→ TASK INPUTS:
□ □ □ □ □ □ □

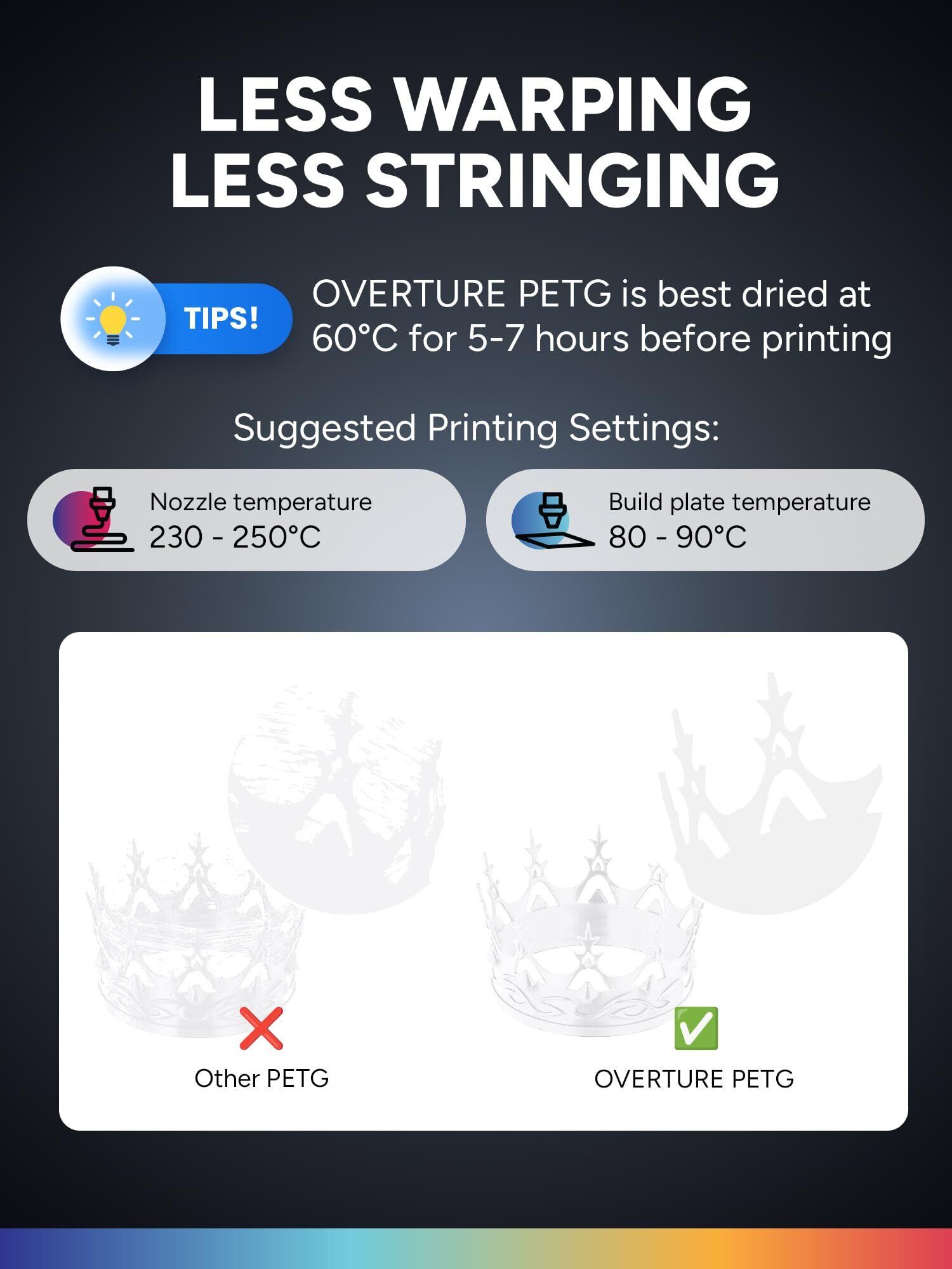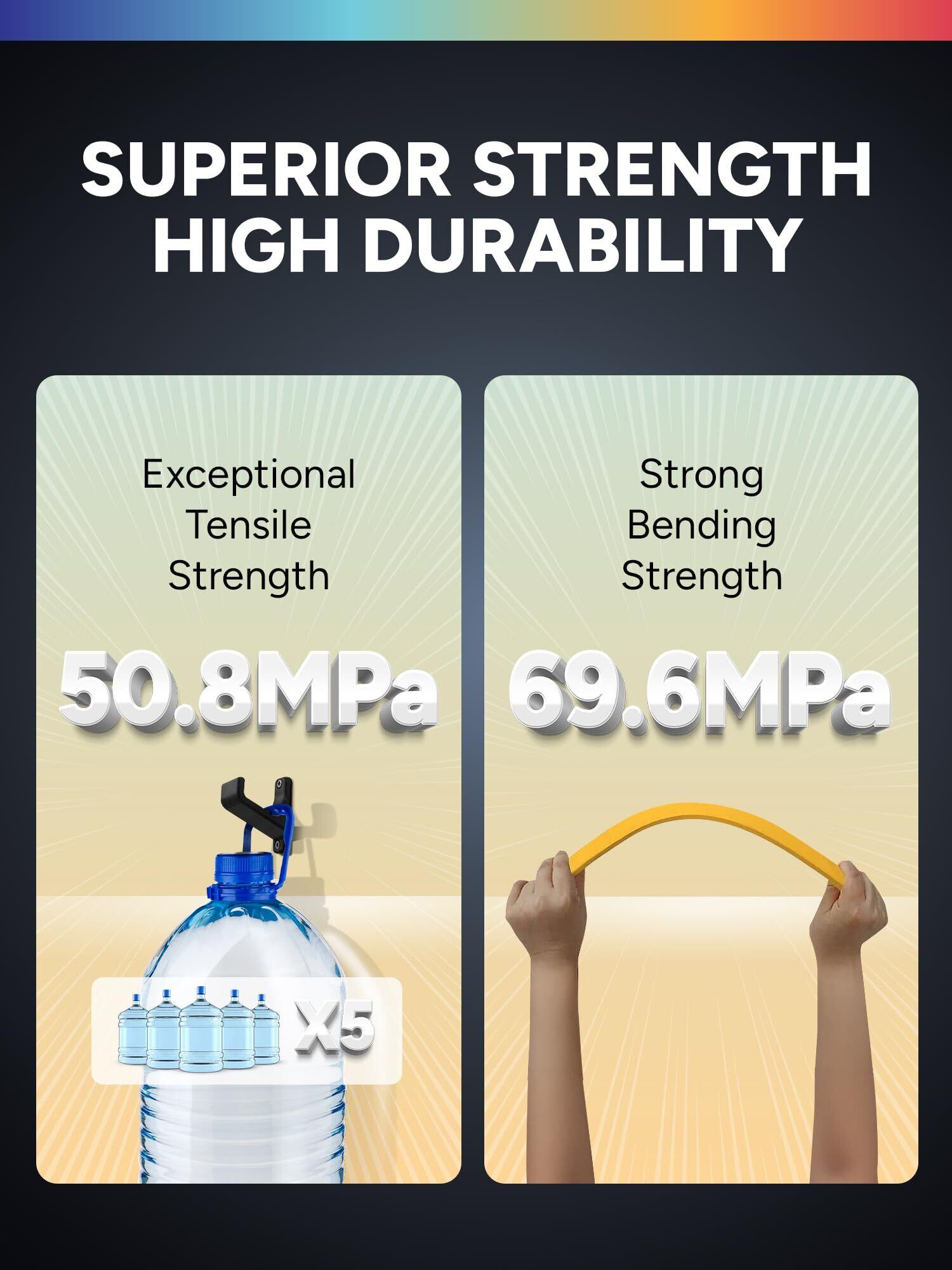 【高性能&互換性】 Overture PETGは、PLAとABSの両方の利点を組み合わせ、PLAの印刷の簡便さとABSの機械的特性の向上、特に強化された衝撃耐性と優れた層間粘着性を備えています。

□ □ □ □ □ □ □

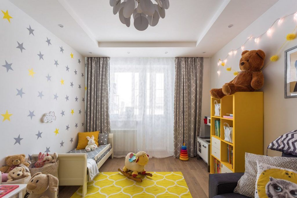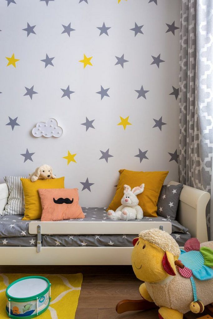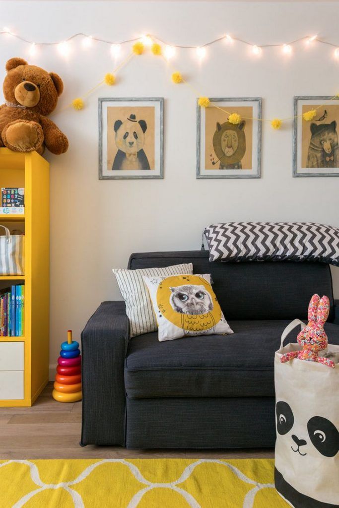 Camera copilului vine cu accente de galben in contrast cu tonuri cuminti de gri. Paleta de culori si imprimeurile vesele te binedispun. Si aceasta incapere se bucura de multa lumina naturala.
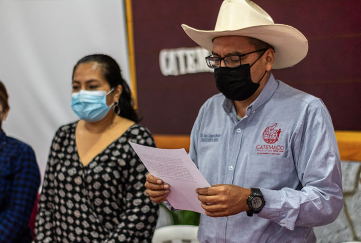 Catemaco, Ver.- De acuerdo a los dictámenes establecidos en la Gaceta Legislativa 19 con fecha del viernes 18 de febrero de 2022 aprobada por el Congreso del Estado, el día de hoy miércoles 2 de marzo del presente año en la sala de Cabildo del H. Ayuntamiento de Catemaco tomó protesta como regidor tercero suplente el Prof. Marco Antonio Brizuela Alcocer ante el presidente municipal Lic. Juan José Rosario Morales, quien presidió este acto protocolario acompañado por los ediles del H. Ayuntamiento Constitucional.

□ □ □ □ □ □ □

→ TASK DESCRIPTION:
Give again the stretch of lines above from the one with "Camera copilului vine" through the one with "Catemaco, Ver.- De", both ends kept, and copy no pictures.

→ RESULT OF THE TASK:
 Camera copilului vine cu accente de galben in contrast cu tonuri cuminti de gri. Paleta de culori si imprimeurile vesele te binedispun. Si aceasta incapere se bucura de multa lumina naturala.
 Catemaco, Ver.- De acuerdo a los dictámenes establecidos en la Gaceta Legislativa 19 con fecha del viernes 18 de febrero de 2022 aprobada por el Congreso del Estado, el día de hoy miércoles 2 de marzo del presente año en la sala de Cabildo del H. Ayuntamiento de Catemaco tomó protesta como regidor tercero suplente el Prof. Marco Antonio Brizuela Alcocer ante el presidente municipal Lic. Juan José Rosario Morales, quien presidió este acto protocolario acompañado por los ediles del H. Ayuntamiento Constitucional.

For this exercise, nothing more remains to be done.